I woke up this morning to a text from my fiancée. It was a link to an article titled “The Unbearable Whiteness of Being,” written by John Vercher for Cognoscenti. I felt a pang of recognition; you see, I’d written an essay by the same title over a year ago. I’d shopped it around to various outlets, but didn’t receive any responses. I wasn’t surprised by the lack of interest; it is (necessarily) long, and I doubt there’s much of a market for first-person essays about biracial people who identify as black but present as white.
A few weeks ago, I was on Twitter and saw a tweet from Ijeoma Oluo linking to her interview of Rachel Dolezal. (In case you’re unfamiliar, Dolezal gained notoriety in 2015 for claiming to be black – even going so far as to lead the Spokane chapter of the NAACP – despite not having any black ancestry.) Among the replies to that tweet were people jokingly submitting “alternate titles” to the article, so I figured I’d give it a try:
I was taken aback when I saw the title of Vercher’s article this morning, and more so when I read his piece and discovered that it focuses on the same Oluo interview.
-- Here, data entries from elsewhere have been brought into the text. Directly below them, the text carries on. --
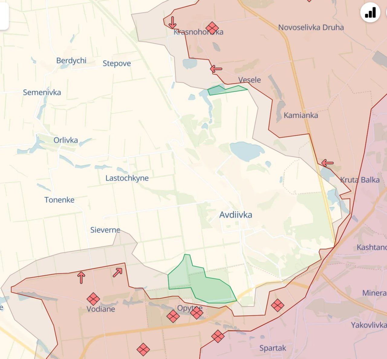При этом российские паблики с ночи утверждают, что террикон, который расположен рядом с промзоной Авдеевского коксохимзавода, уже захвачен россиянами. Заявляется, что бои за эту высоту периодически шли всю войну, поскольку это удобная точка, с которой простреливается северо-запад Авдеевки.
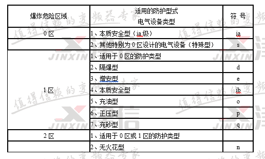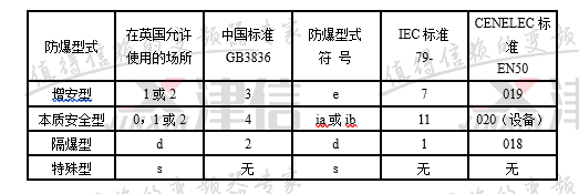 ②氣體爆炸危險場所用電氣設備防爆類型選型表
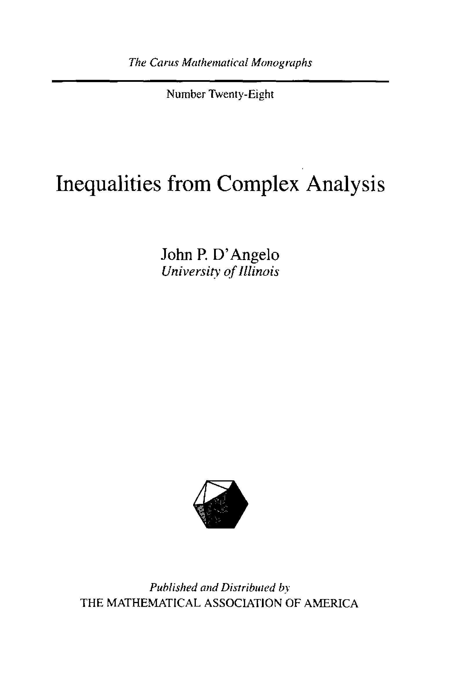 "Inequalities from Complex Analysis (Carus Mathematical Monographs)" - читать интересную книгу автора (John P. D'Angelo) |
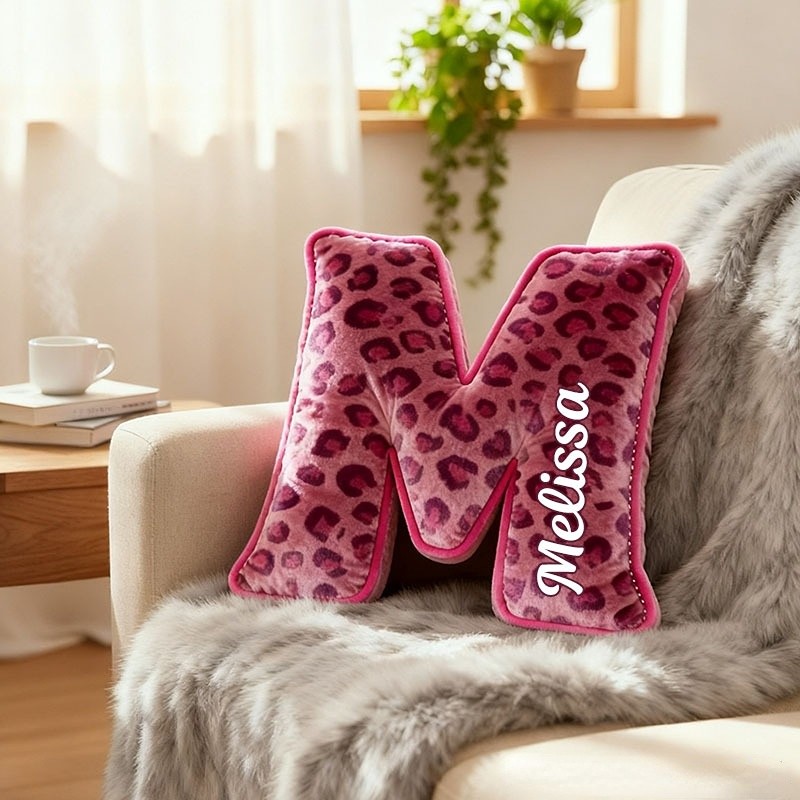 Personalized Pink Leopard Print Initial Pillow Valentine's Day Gift for Wife Girlfriend
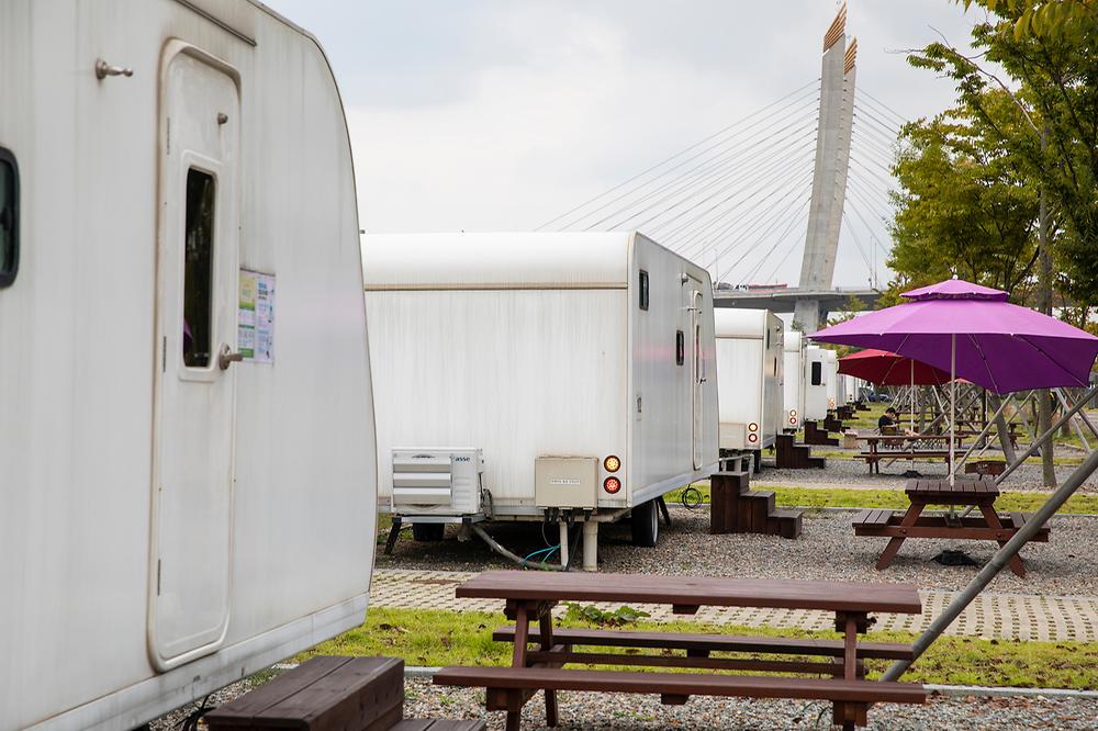 아라뱃길을 따라 조성된 캠핑장은 드넓은 공간과 아라뱃길의 노을로 유명합니다. 깨끗하고 넓직한 사이트를 보유하고 있어 가족단위 캠퍼들에게 매우 인기가 높습니다.
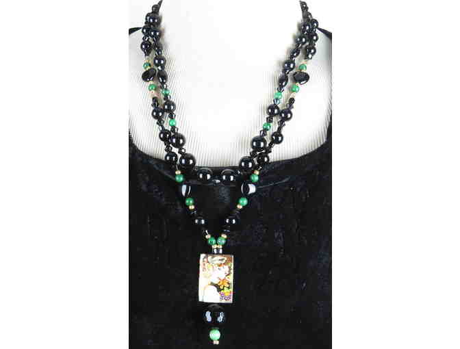 Absolutely EXQUISITE! 1/KIND GEMSTONE NECKLACE #410: Features Hand Painted Art on ONYX!
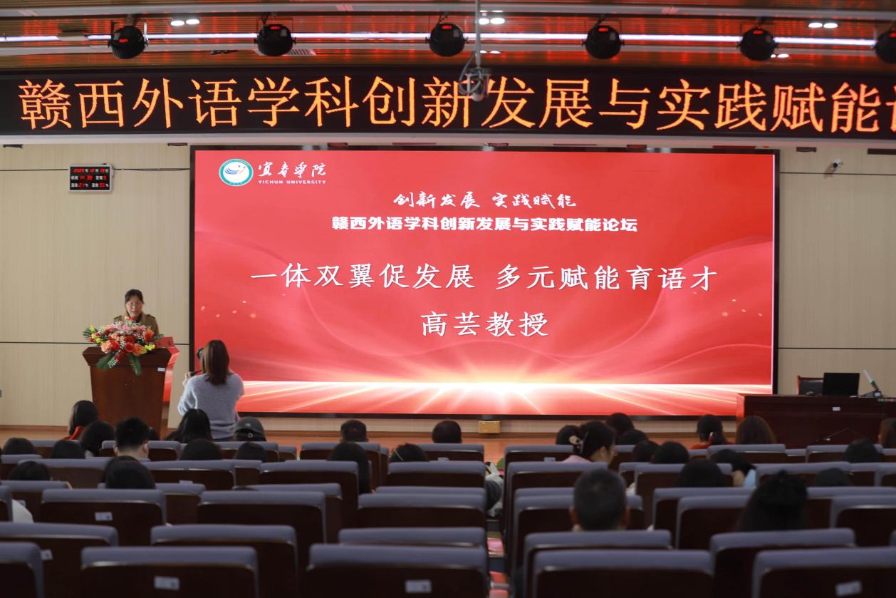 12月19日,由宜春学院外国语学院主办、上海外语教育出版社协办的“赣西外语学科创新发展与实践赋能论坛”在宜春学院实验实训楼一楼报告厅举行。
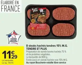 Y a-t-il une promotion sur 8 steaks hachés tendres 15% M.G. TENDRE ET PLUS la semaine prochaine chez Carrefour ?
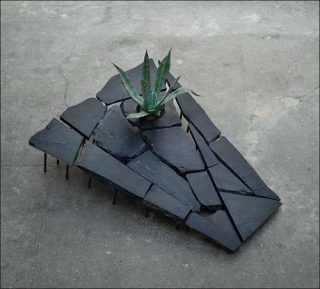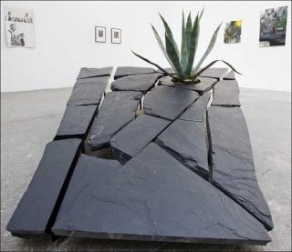 — Grand Opus, 2009. Ardoise, fer à béton, béton, terre, agave “Americana”. 140 cm x 250 cm x 260 cm
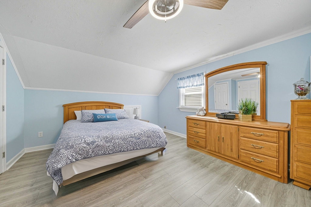 Welcome to 75 Barrow Street, a beautifully updated Cape in the heart of Norton. This charming 3-bedroom, 1.5-bath home blends classic character with modern updates throughout. The stunning kitchen features white upper cabinets, gray lowers, quartz countertops, Newer Bosch appliances, and a striking blue glass tile backsplash. The bright, open living area offers hardwood floors and plenty of natural light. Two spacious bedrooms are located on the second floor, with a first-floor bedroom ideal for guests or a home office. Enjoy a fenced-in backyard perfect for pets or play, and a large deck for outdoor entertaining. Additional highlights include a newer roof, updated systems, and a full basement with expansion potential. Conveniently located near schools, Wheaton College, and major routes, this move-in-ready home offers the perfect blend of comfort, style, and convenience. *Offers Due Tuesday 11/4 @ 12PM.
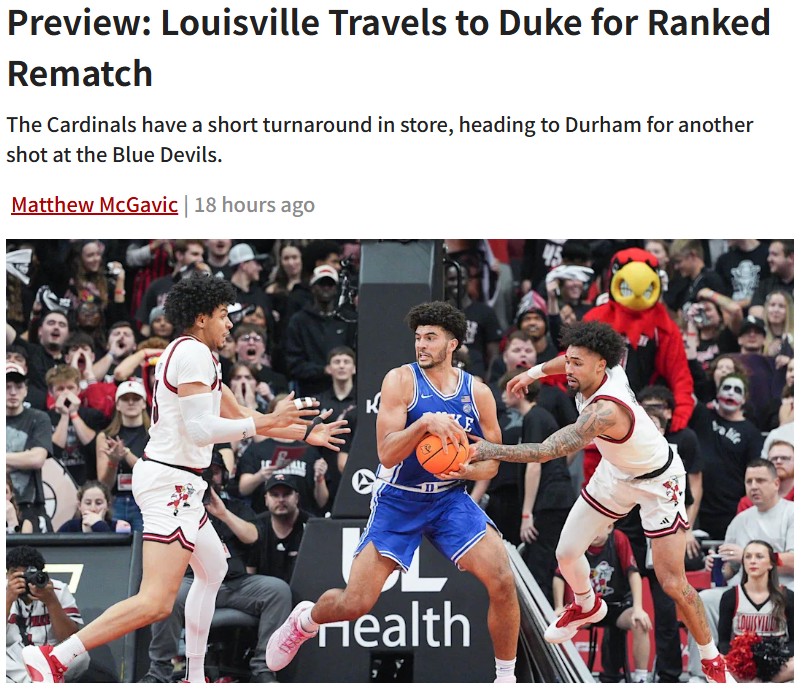 AmberAbyss+FollowLouisville faces Duke in high-stakes rematchLouisville heads to Durham for a showdown with No. 5 Duke, looking to snap the Blue Devils’ 26-game home win streak. The Cardinals have been lighting it up from deep—Isaac McKneely leads all DI players in career 3-pointers made among 41% shooters, and the team has racked up multiple 40+ point wins this season. Duke, meanwhile, boasts Cameron Boozer, the nation’s top scorer, and a defense that just held Wake Forest scoreless for nearly eight minutes. Can Louisville’s hot shooting shake up the ACC power balance, or will Duke’s home dominance continue? #Sports #Louisville #Duke00Share
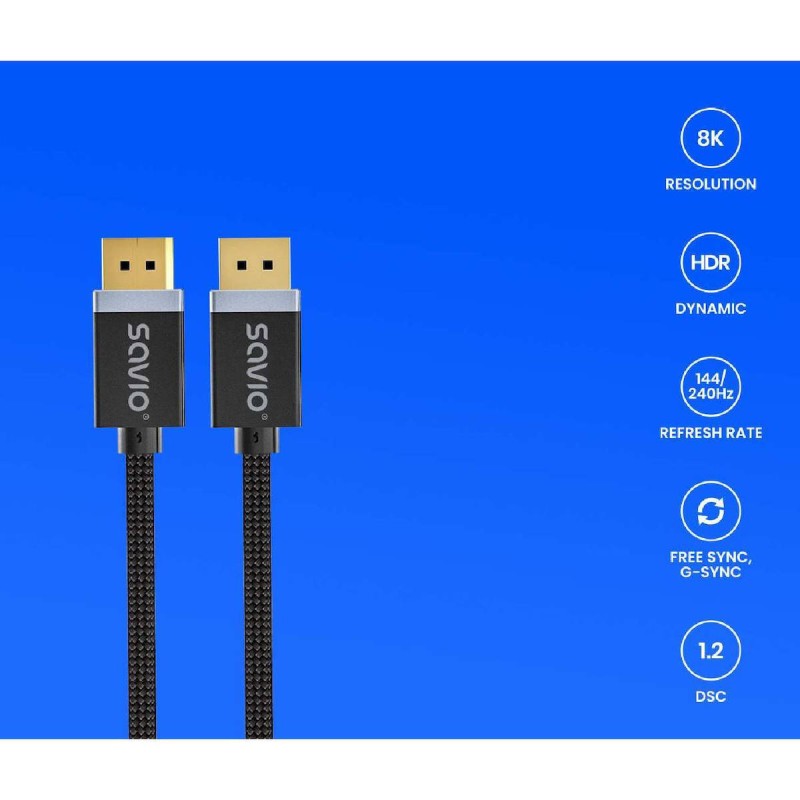 Το καλώδιο της εταιρείας Savio έχει μήκος 2m και διαθέτει δύο ακροδέκτες DisplayPort male για τη σύνδεση οθόνης στην κάρτα γραφικών του υπολογιστή με αυτή τη θύρα. Οι ακροδέκτες είναι επίχρυσοι για ταχύτατη αναμετάδοση δεδομένων χωρίς παρεμβολές κι αντοχή στο χρόνο, καθώς ο χρυσός δεν διαβρώνεται εύκολα.

And you can imagine my chagrin when I took a look at Vercher’s Twitter account and saw that, yes, he had retweeted a link to Oluo’s piece.
I’m dancing around the point here, so allow me to be blunt: I think it’s possible Mr. Vercher saw my reply and used it as the title for his piece. Of course, it could be a coincidence, or it could be that an editor (and not Vercher himself) wrote the title. Besides, if it isn’t a coincidence, I can’t prove it anyway; even if I could, that’s not really what bothers me. What bothers me is that, to me, the title hints at an internal struggle between the author’s self-identity as a black man, which – in theory, at least – stands in contrast to his perceived racial identity in society writ large. But Vercher presents as black; he is light-skinned, to be sure, but he certainly would never be confused for a white man.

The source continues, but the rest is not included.